Tony pushing into her, even though she wasn’t wet.
And his inability to keep from ejaculating almost at once.
And his rolling off her, and lying on his side, his back to her, ignoring her after he was done, leaving her sad and frustrated and unfulfilled, and—
Damn it, damn it, damn it! He didn’t want any of this, and—
And he was passing a woman’s washroom now, and—
Oh, Christ, no.
But it came to him.
Her, in there.
At night.
No one else around.
And—
And Janis was a nurse, and she had access to all sorts of drugs, including ones designed to make pain go away, and she’d been in so much pain because of Tony for so long now. He saw her tattooed arm, recalling it in much greater detail than he could have on his own, knowing the pattern of stripes on the tiger, the deployment of its claws, the glint in its eyes. He knew it like—well, yes, the cliché applied—like the back of his own hand. But that arm was holding a syringe, and Janis was injecting herself.
For once, he did try to search her memories, looking for any sign that she was a diabetic, but—
But no. He knew what he was seeing, what he was recalling. She was shooting up. To make life bearable, to get her though the day.
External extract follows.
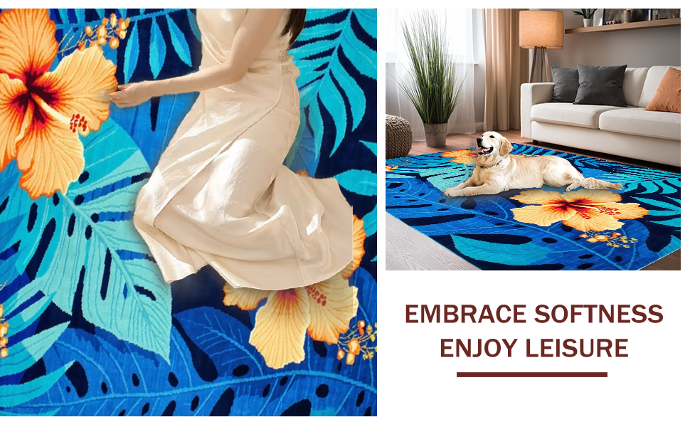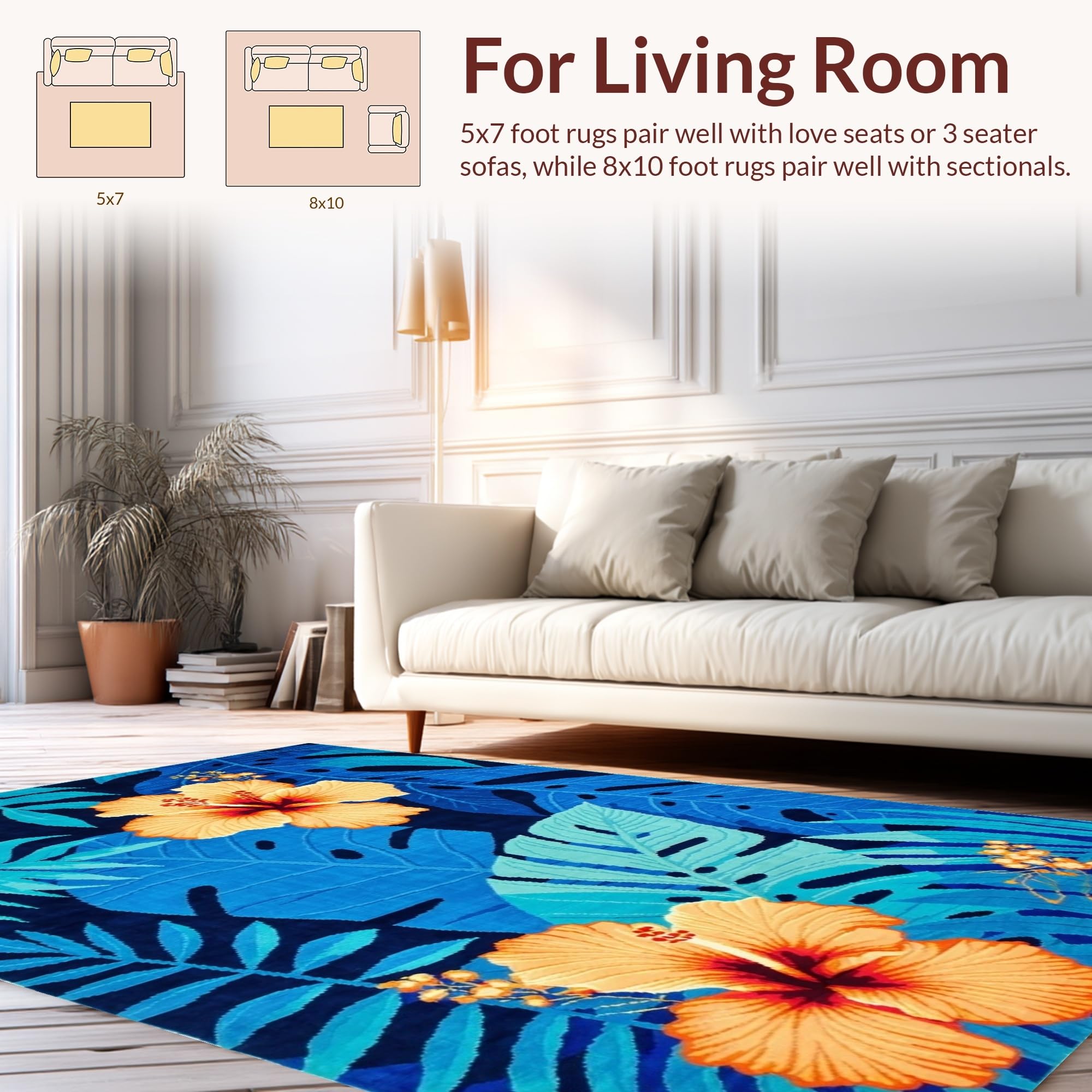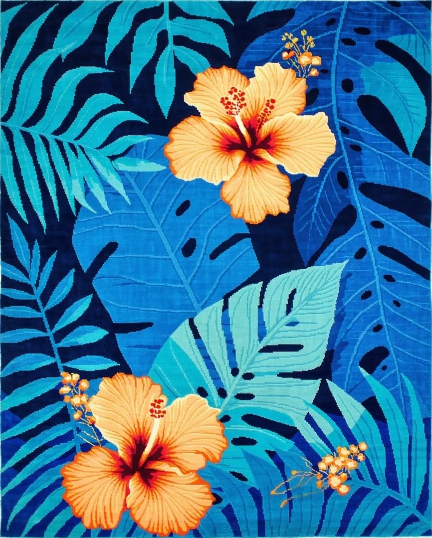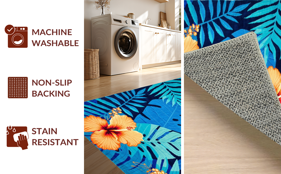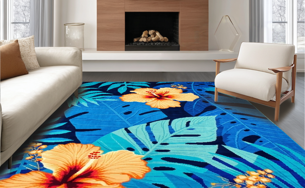 Ultra Soft Area Rug, Non Slip, Stain Resistant, Washable Area Rugs for Living Room, Bedroom, Coastal Inspired Leafy Design(Blue) Overview:

He was sympathetic. He knew drug addiction was common among nurses and doctors, but he did not wish to know her secrets, damn it. And, for God’s sake, he was obligated to report this, but—
But what would he report? That he thought he remembered her shooting up? She hadn’t willingly shared that with him, and he hadn’t stumbled upon evidence. It was just in his head.
He continued to walk the corridors of the hospital, hating himself for invading her privacy and wishing it would all come to an end.